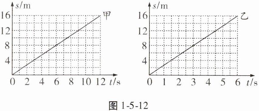 11. 在探究“汽车的速度”的实验中,甲、乙两辆相同的汽车在同一水平路面上做直线运动的图像如图1-5-12所示。由图可知,甲车的动能
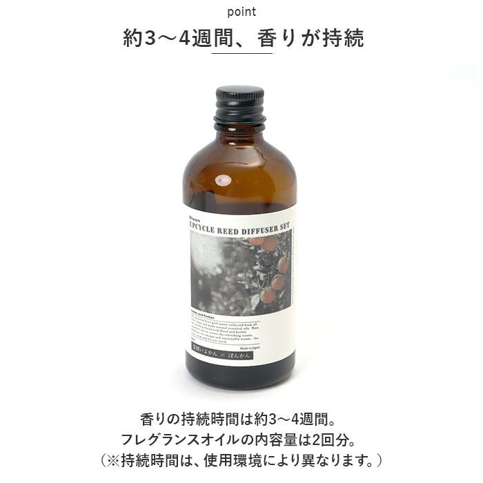 ・香りの持続時間は約3~4週間。フレグランスオイルの内容量は2回分。(※持続時間は、使用環境により異なります。)
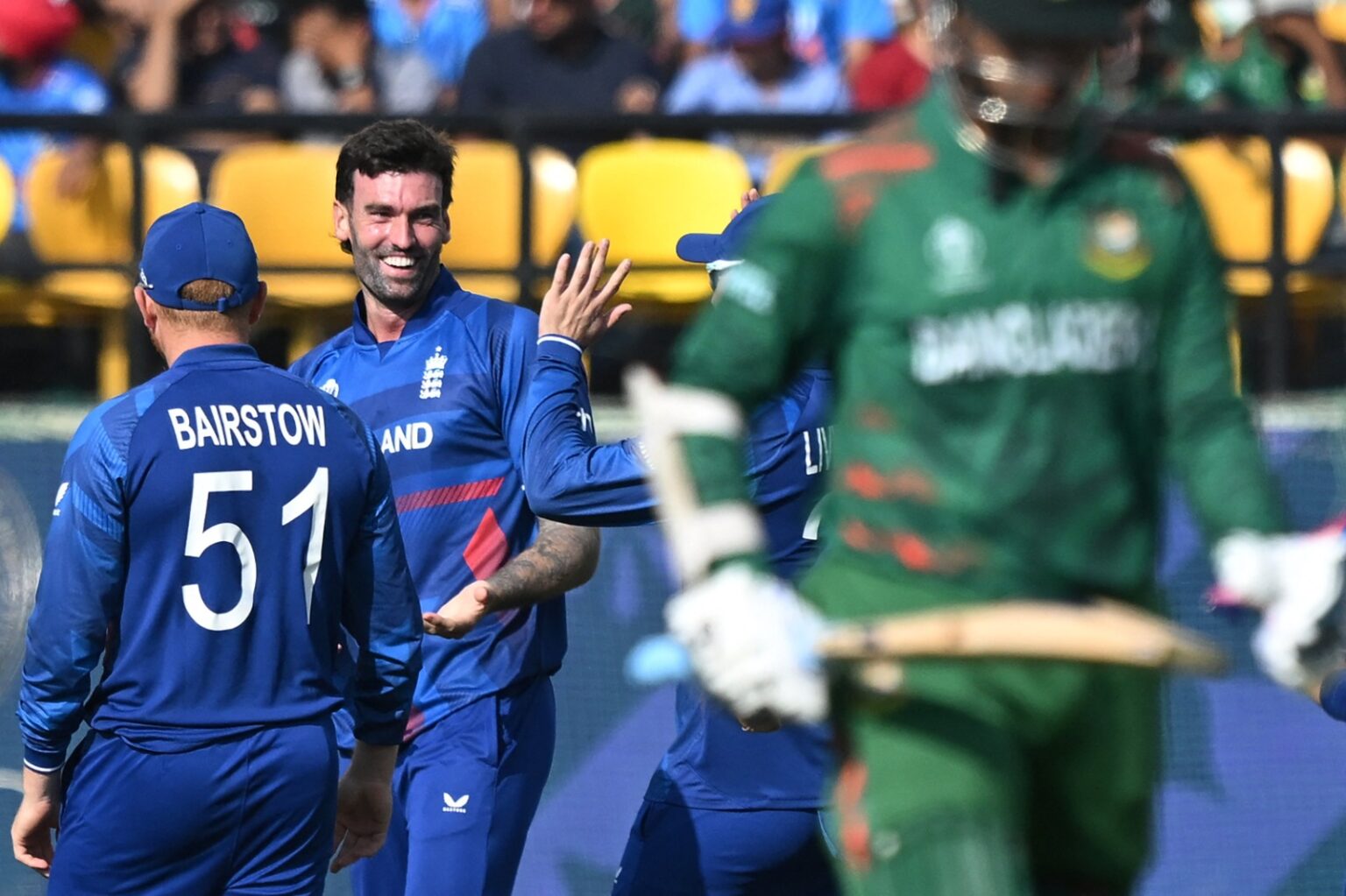 England’s huge win was built on the performances of two players – Topley (4-43) and Dawid Malan (140). The 6’7″ Topley, who was inexplicably left out of the opening game against New Zealand, snuffed out Bangladesh’s small window of opportunity to chase down a monstrous target in his first over itself. The fourth ball of that over was back of a length and seamed away as Tanzid Hasan could only edge it to the slip cordon. Najmul Shanto was then dismissed for no score, caught at backward point. This time, a hint of swing did the trick for Topley.
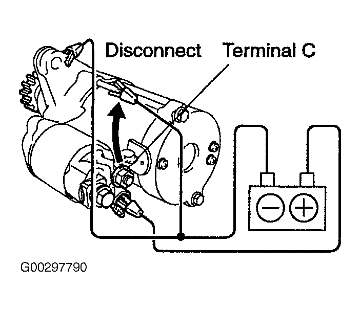3. Disconnect the negative lead from terminal "C". See Fig 2. Verify that the pinion gear remains out.
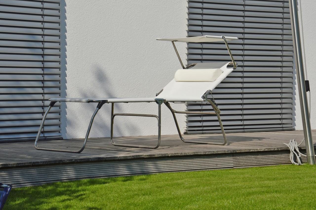 Zudem verfügt die Gartenliege über ein klappbares Sonnendach sowie eine passende Nackenrolle.
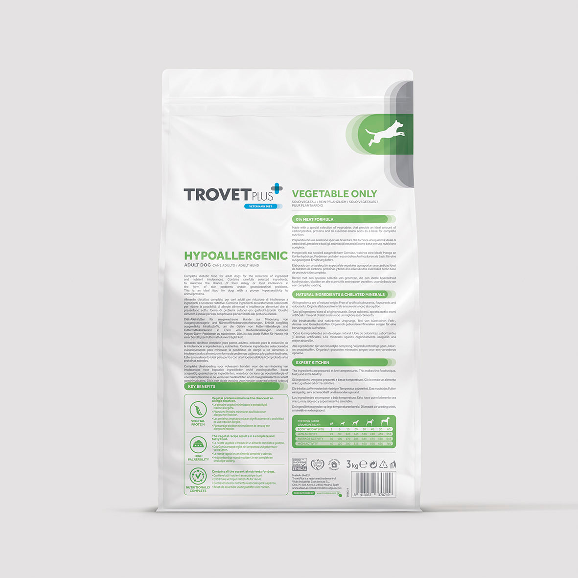 Contém ingredientes cuidadosamente selecionados para minimizar a possibilidade de alergia alimentar ou intolerância alimentar sob a forma de problemas cutâneos e/ou gastrointestinais. Este é um alimento ideal para cães com hipersensibilidade comprovada às proteínas animais.

__Work task__
Nothing but the lines from the one containing "3. Disconnect the" through the end of the listing is to be output, and those lines are to be output exactly, pictures excluded.

__Task output__
3. Disconnect the negative lead from terminal "C". See Fig 2. Verify that the pinion gear remains out.
 Zudem verfügt die Gartenliege über ein klappbares Sonnendach sowie eine passende Nackenrolle.
 Contém ingredientes cuidadosamente selecionados para minimizar a possibilidade de alergia alimentar ou intolerância alimentar sob a forma de problemas cutâneos e/ou gastrointestinais. Este é um alimento ideal para cães com hipersensibilidade comprovada às proteínas animais.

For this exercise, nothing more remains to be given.